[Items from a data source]
Start of Block

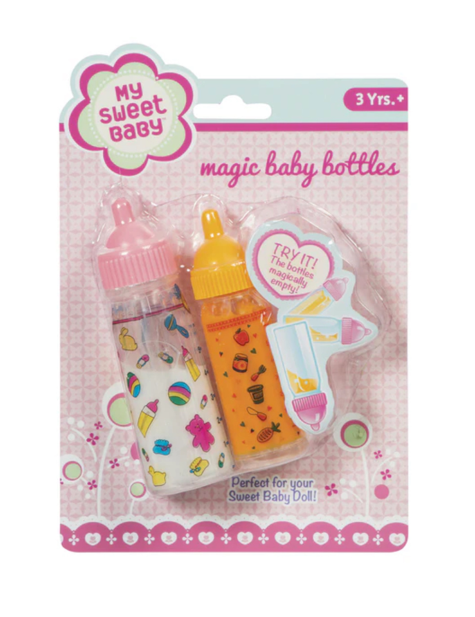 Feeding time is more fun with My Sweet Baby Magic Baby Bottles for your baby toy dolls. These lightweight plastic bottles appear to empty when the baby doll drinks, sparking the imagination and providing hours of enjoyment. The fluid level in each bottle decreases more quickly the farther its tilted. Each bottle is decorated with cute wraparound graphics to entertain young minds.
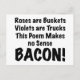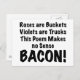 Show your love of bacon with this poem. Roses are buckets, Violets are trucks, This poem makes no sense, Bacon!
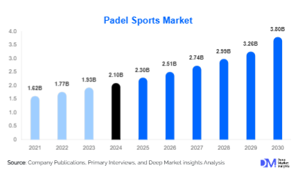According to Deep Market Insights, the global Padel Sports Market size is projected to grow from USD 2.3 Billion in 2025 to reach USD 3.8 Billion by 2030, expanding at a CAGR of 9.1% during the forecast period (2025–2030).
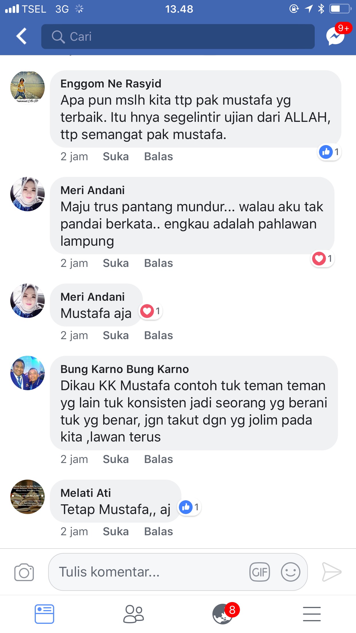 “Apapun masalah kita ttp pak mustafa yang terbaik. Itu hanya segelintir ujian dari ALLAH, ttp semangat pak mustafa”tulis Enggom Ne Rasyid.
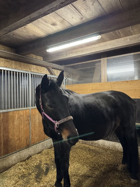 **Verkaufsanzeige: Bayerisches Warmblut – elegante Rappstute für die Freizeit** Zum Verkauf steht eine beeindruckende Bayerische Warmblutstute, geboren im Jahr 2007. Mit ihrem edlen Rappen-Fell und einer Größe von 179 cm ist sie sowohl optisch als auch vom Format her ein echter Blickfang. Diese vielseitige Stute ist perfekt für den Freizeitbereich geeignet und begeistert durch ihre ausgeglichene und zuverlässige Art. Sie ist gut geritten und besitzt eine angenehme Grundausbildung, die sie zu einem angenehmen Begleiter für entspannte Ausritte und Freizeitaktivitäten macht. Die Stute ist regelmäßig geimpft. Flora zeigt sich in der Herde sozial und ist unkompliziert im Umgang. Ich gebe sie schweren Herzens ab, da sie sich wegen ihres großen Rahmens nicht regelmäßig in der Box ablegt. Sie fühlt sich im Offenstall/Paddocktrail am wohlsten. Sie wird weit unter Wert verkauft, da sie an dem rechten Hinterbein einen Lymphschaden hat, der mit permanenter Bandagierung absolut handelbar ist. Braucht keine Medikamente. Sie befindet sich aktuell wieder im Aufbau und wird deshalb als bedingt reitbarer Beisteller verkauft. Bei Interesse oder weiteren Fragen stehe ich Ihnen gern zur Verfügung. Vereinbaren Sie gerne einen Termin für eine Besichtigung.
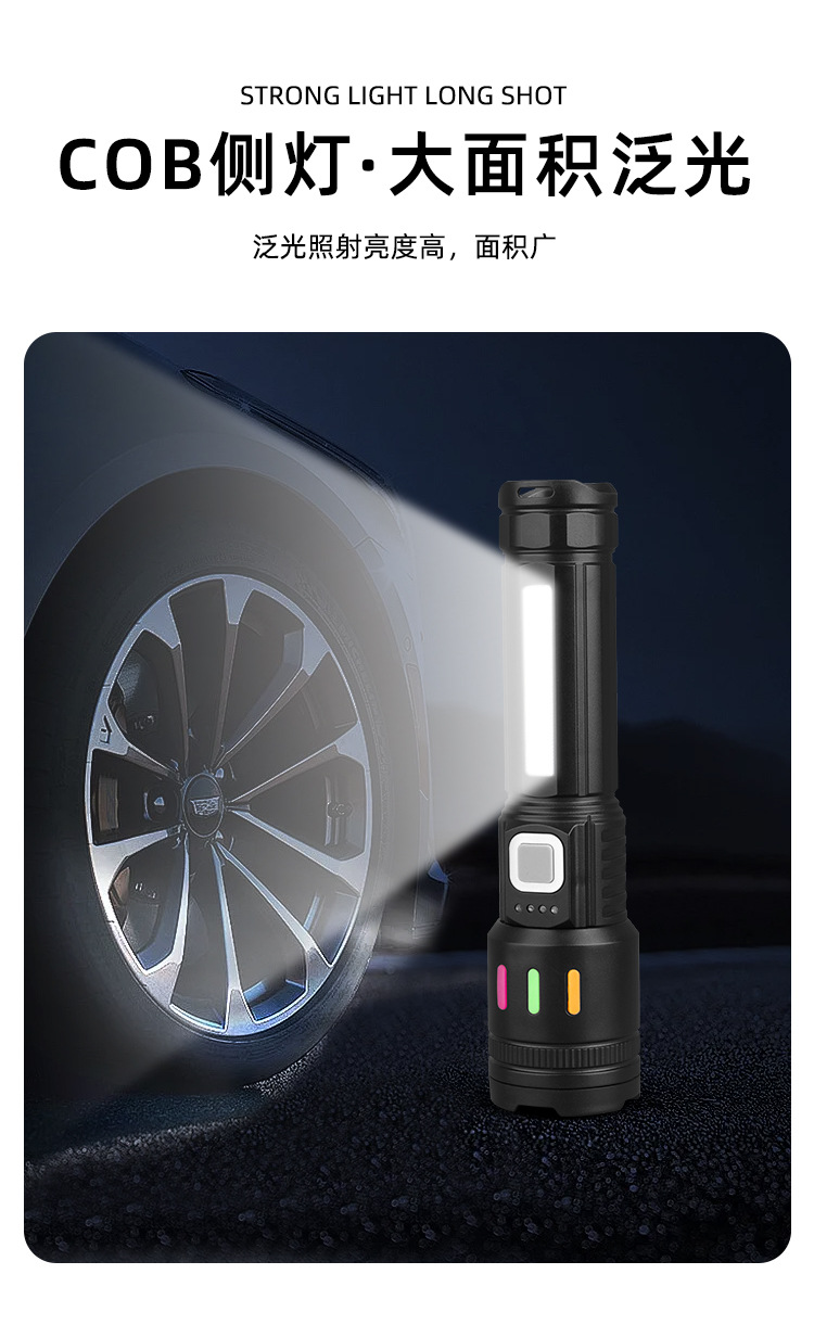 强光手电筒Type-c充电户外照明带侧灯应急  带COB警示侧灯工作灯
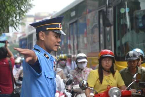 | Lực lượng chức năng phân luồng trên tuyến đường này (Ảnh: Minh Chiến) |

End of Block

Exercise description >>
Text only, pictures out: give every record again as written.

Task response >>
 Feeding time is more fun with My Sweet Baby Magic Baby Bottles for your baby toy dolls. These lightweight plastic bottles appear to empty when the baby doll drinks, sparking the imagination and providing hours of enjoyment. The fluid level in each bottle decreases more quickly the farther its tilted. Each bottle is decorated with cute wraparound graphics to entertain young minds.
 Show your love of bacon with this poem. Roses are buckets, Violets are trucks, This poem makes no sense, Bacon!
According to Deep Market Insights, the global Padel Sports Market size is projected to grow from USD 2.3 Billion in 2025 to reach USD 3.8 Billion by 2030, expanding at a CAGR of 9.1% during the forecast period (2025–2030).
 “Apapun masalah kita ttp pak mustafa yang terbaik. Itu hanya segelintir ujian dari ALLAH, ttp semangat pak mustafa”tulis Enggom Ne Rasyid.
 **Verkaufsanzeige: Bayerisches Warmblut – elegante Rappstute für die Freizeit** Zum Verkauf steht eine beeindruckende Bayerische Warmblutstute, geboren im Jahr 2007. Mit ihrem edlen Rappen-Fell und einer Größe von 179 cm ist sie sowohl optisch als auch vom Format her ein echter Blickfang. Diese vielseitige Stute ist perfekt für den Freizeitbereich geeignet und begeistert durch ihre ausgeglichene und zuverlässige Art. Sie ist gut geritten und besitzt eine angenehme Grundausbildung, die sie zu einem angenehmen Begleiter für entspannte Ausritte und Freizeitaktivitäten macht. Die Stute ist regelmäßig geimpft. Flora zeigt sich in der Herde sozial und ist unkompliziert im Umgang. Ich gebe sie schweren Herzens ab, da sie sich wegen ihres großen Rahmens nicht regelmäßig in der Box ablegt. Sie fühlt sich im Offenstall/Paddocktrail am wohlsten. Sie wird weit unter Wert verkauft, da sie an dem rechten Hinterbein einen Lymphschaden hat, der mit permanenter Bandagierung absolut handelbar ist. Braucht keine Medikamente. Sie befindet sich aktuell wieder im Aufbau und wird deshalb als bedingt reitbarer Beisteller verkauft. Bei Interesse oder weiteren Fragen stehe ich Ihnen gern zur Verfügung. Vereinbaren Sie gerne einen Termin für eine Besichtigung.
 强光手电筒Type-c充电户外照明带侧灯应急  带COB警示侧灯工作灯
 | Lực lượng chức năng phân luồng trên tuyến đường này (Ảnh: Minh Chiến) |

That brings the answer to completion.